DOC: add missing SSL options for servers and listeners

2025-03-31 07:37:54 +00:00 · 2012-09-10 09:01:23 +02:00 · 2012-09-10 09:01:23 +02:00 · a0ee1d05f3
commit a0ee1d05f3
parent 69845dfcf3
1 changed files with 81 additions and 0 deletions
--- a/doc/configuration.txt
+++ b/doc/configuration.txt
@ -1488,6 +1488,12 @@ bind [<address>]:<port_range> [, ...] transparent
 bind [<address>]:<port_range> [, ...] id <id>
 bind [<address>]:<port_range> [, ...] name <name>
 bind [<address>]:<port_range> [, ...] defer-accept
+bind [<address>]:<port_range> [, ...] ssl
+bind [<address>]:<port_range> [, ...] crt <cert>
+bind [<address>]:<port_range> [, ...] ciphers <ciphers>
+bind [<address>]:<port_range> [, ...] nosslv3
+bind [<address>]:<port_range> [, ...] notlsv1
+bind [<address>]:<port_range> [, ...] prefer-server-ciphers
 bind /<path> [, ...]
 bind /<path> [, ...] mode <mode>
 bind /<path> [, ...] [ user <user> | uid <uid> ]
@ -1611,6 +1617,31 @@ bind /<path> [, ...] [ group <user> | gid <gid> ]
                  "unix-bind" statement. Note that some platforms simply ignore
                  this.

+    <cert>        designates a PEM file from which to load both a certificate
+                  and the assocaited private key. This file can be build by
+                  concatenating both PEM files into one. If a directory name is
+                  used instead of a PEM file, then all files found in that
+                  directory will be loaded. This directive may be specified
+                  multiple times in order to load certificates from multiple
+                  files or directories. The certificates will be presented to
+                  clients who provide a valid TLS Server Name Indication field
+                  matching one of their CN or alt subjects. Wildcards are
+                  supported, where a wildcard character '*' is used instead of
+                  the first hostname component (eg: *.example.org matches
+                  www.example.org but not www.sub.example.org). If no SNI is
+                  provided by the client or if the SSL library does not support
+                  TLS extensions, or if the client provides and SNI which does
+                  not match any certificate, then the first loaded certificate
+                  will be presented. This means that when loading certificates
+                  from a directory, it is highly recommended to load the
+                  default one first as a file. Note that the same cert may be
+                  loaded multiple times without side effects.
+
+    <ciphers>     is the string describing the list of cipher algorithms that
+                  is negociated during the SSL/TLS handshake. The format of the
+                  string is defined in "man 1 ciphers", and can be for instance
+                  "AES:ALL:!aNULL:!eNULL:+RC4:@STRENGTH".
+
    transparent   is an optional keyword which is supported only on certain
                  Linux kernels. It indicates that the addresses will be bound
                  even if they do not belong to the local machine. Any packet
@ -1649,6 +1680,24 @@ bind /<path> [, ...] [ group <user> | gid <gid> ]
                  X-Forwarded-For mechanism which is not always reliable and
                  not even always usable.

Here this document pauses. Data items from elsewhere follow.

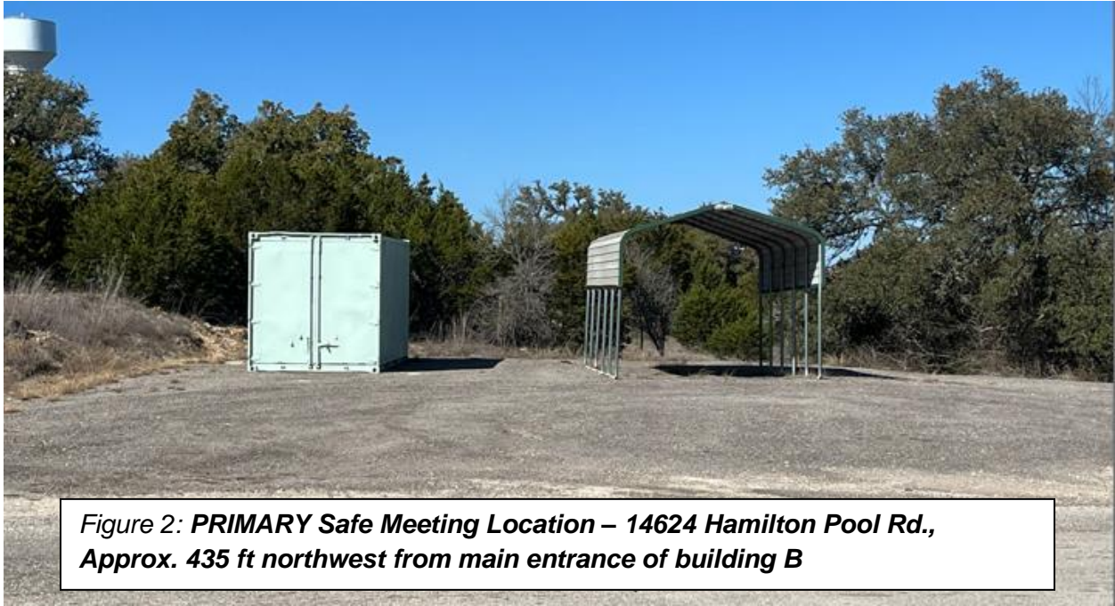
Figure 2: PRIMARY Safe Meeting Location – 14624 Hamilton Pool Rd., Approx. 435 ft northwest from main entrance of building B
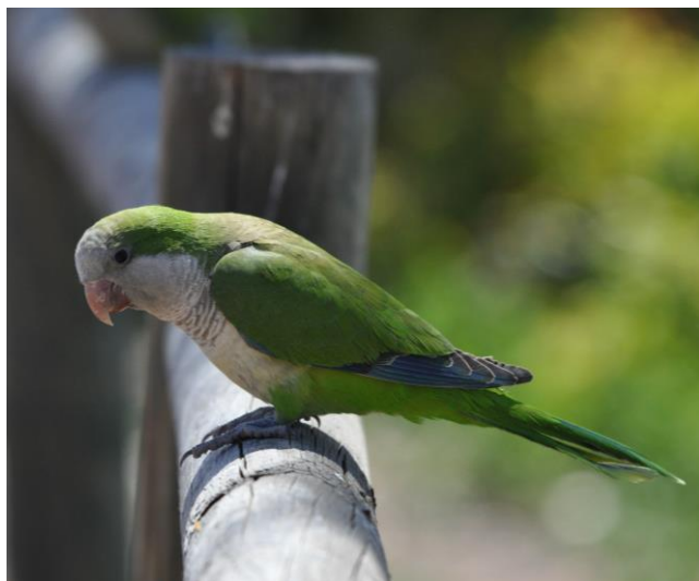
Ground squirrel and monk parakeet.

As soon as we had parked at the head of Verdant Valley we noticed a bird of prey quartering the barren hillside high above us. It was clearly a ring-tailed harrier, but of which species? It seemed rather elegant and lightly built, suggesting a Montagu's rather than a hen harrier. However, Montagu's harrier is a very scarce migrant to the island, and given the general lack of migrants this week, it seems unlikely to have been this species. So it went down on the list as a hen harrier, which is a scarce winter visitor.
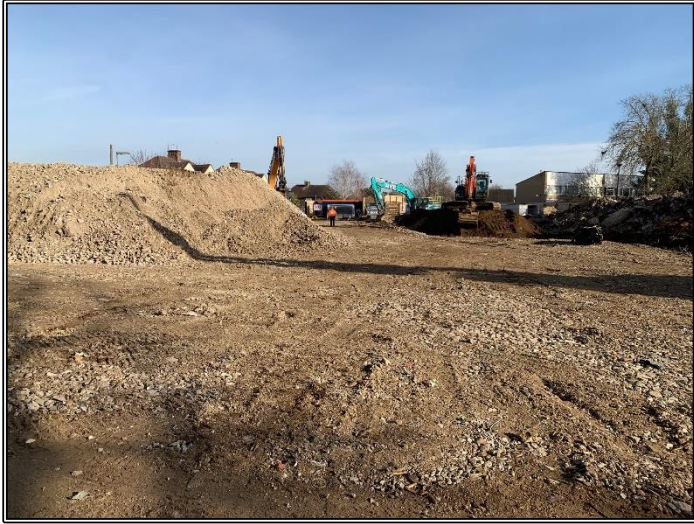
Piling Mat Works in Progress
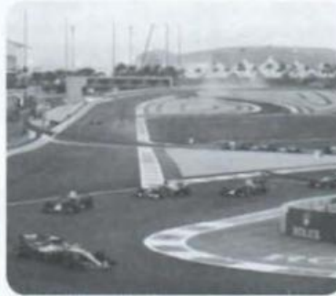
3 Formula 1 _____
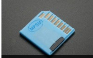
Blue Shortening microSD
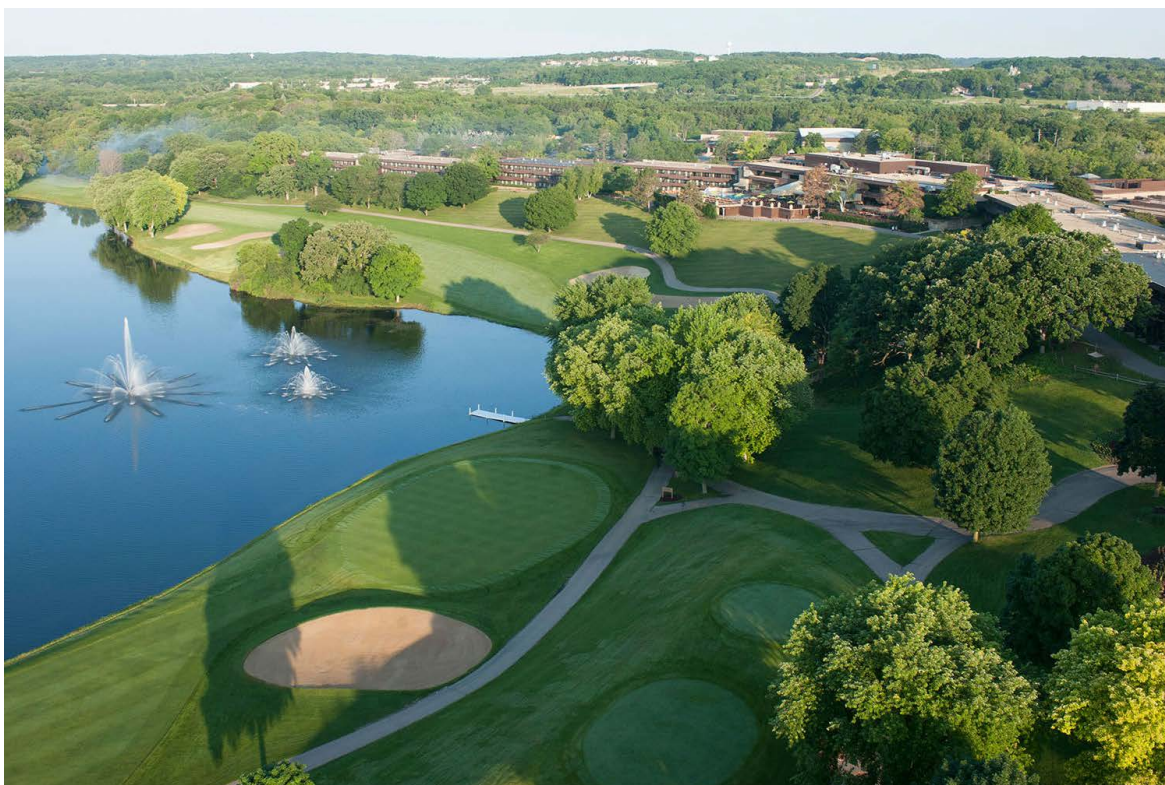
Grand Geneva Resort and Spa

A complete Adventure Center which offers mountain biking, hiking, disc golf, volleyball and archery make the Grand Geneva Resort & Spa located in beautiful Lake Geneva a great family vacation place. But add in the 50,000-square-foot Moose Mountain Falls Water Park and your kids will never want to leave. The fitness center offers other great amenities for kids like cycling, yoga, an

+    ssl           enables SSL deciphering on connections instanciated from this
+                  listener. A certificate is necessary (see "crt" above). All
+                  contents in the buffers will be in clear text, so that ACLs
+                  and HTTP processing will only have access to deciphered
+                  contents.
+
+    nosslv3       disables support for SSLv3 when SSL is supported. Note that
+                  SSLv2 is disabled in the code and cannot be enabled using any
+                  configuration option.
+
+    notlsv1       disables support for TLSv1 when SSL is supported. Note that
+                  SSLv2 is disabled in the code and cannot be enabled using any
+                  configuration option.
+
+    prefer-server-ciphers
+                  tells the SSL/TLS layer that our set of cipher algorithms is
+                  preferred over the client's ones.
+
  It is possible to specify a list of address:port combinations delimited by
  commas. The frontend will then listen on all of these addresses. There is no
  fixed limit to the number of addresses and ports which can be listened on in
@ -1661,6 +1710,10 @@ bind /<path> [, ...] [ group <user> | gid <gid> ]
            bind 10.0.0.1:10080,10.0.0.1:10443
            bind /var/run/ssl-frontend.sock user root mode 600 accept-proxy

+        listen http_https_proxy
+            bind :80
+            bind :443 ssl crt /etc/haproxy/site.pem prefer-server-ciphers
+
  See also : "source", "option forwardfor", "unix-bind" and the PROXY protocol
             documentation.

@ -6867,6 +6920,16 @@ check

  Supported in default-server: No

+ciphers <ciphers>
+  This option sets the string describing the list of cipher algorithms that is
+  is negociated during the SSL/TLS handshake with the server. The format of the
+  string is defined in "man 1 ciphers". When SSL is used to communicate with
+  servers on the local network, it is common to see a weaker set of algorithms
+  than what is used over the internet. Doing so reduces CPU usage on both the
+  server and haproxy while still keeping it compatible with deployed software.
+  Some algorithms such as RC4-SHA1 are reasonably cheap. If no security at all
+  is needed and just connectivity, using DES can be appropriate.
+
 cookie <value>
  The "cookie" parameter sets the cookie value assigned to the server to
  <value>. This value will be checked in incoming requests, and the first
@ -6976,6 +7039,17 @@ minconn <minconn>

  Supported in default-server: Yes

+nosslv3
+  This option disables support for SSLv3 when SSL is used to communicate with
+  the server. Note that SSLv2 is disabled in the code and cannot be enabled
+  using any configuration option.
+
+notlsv1
+  This option disables support for TLSv1 when SSL is used to communicate with
+  the server. Note that SSLv2 is disabled in the code and cannot be enabled
+  using any configuration option. TLSv1 is more expensive than SSLv3 so it
+  often makes sense to disable it when communicating with local servers.
+
 non-stick
  Never add connections allocated to this sever to a stick-table.
  This may be used in conjunction with backup to ensure that
@ -7131,6 +7205,13 @@ source <addr>[:<pl>[-<ph>]] [interface <name>] ...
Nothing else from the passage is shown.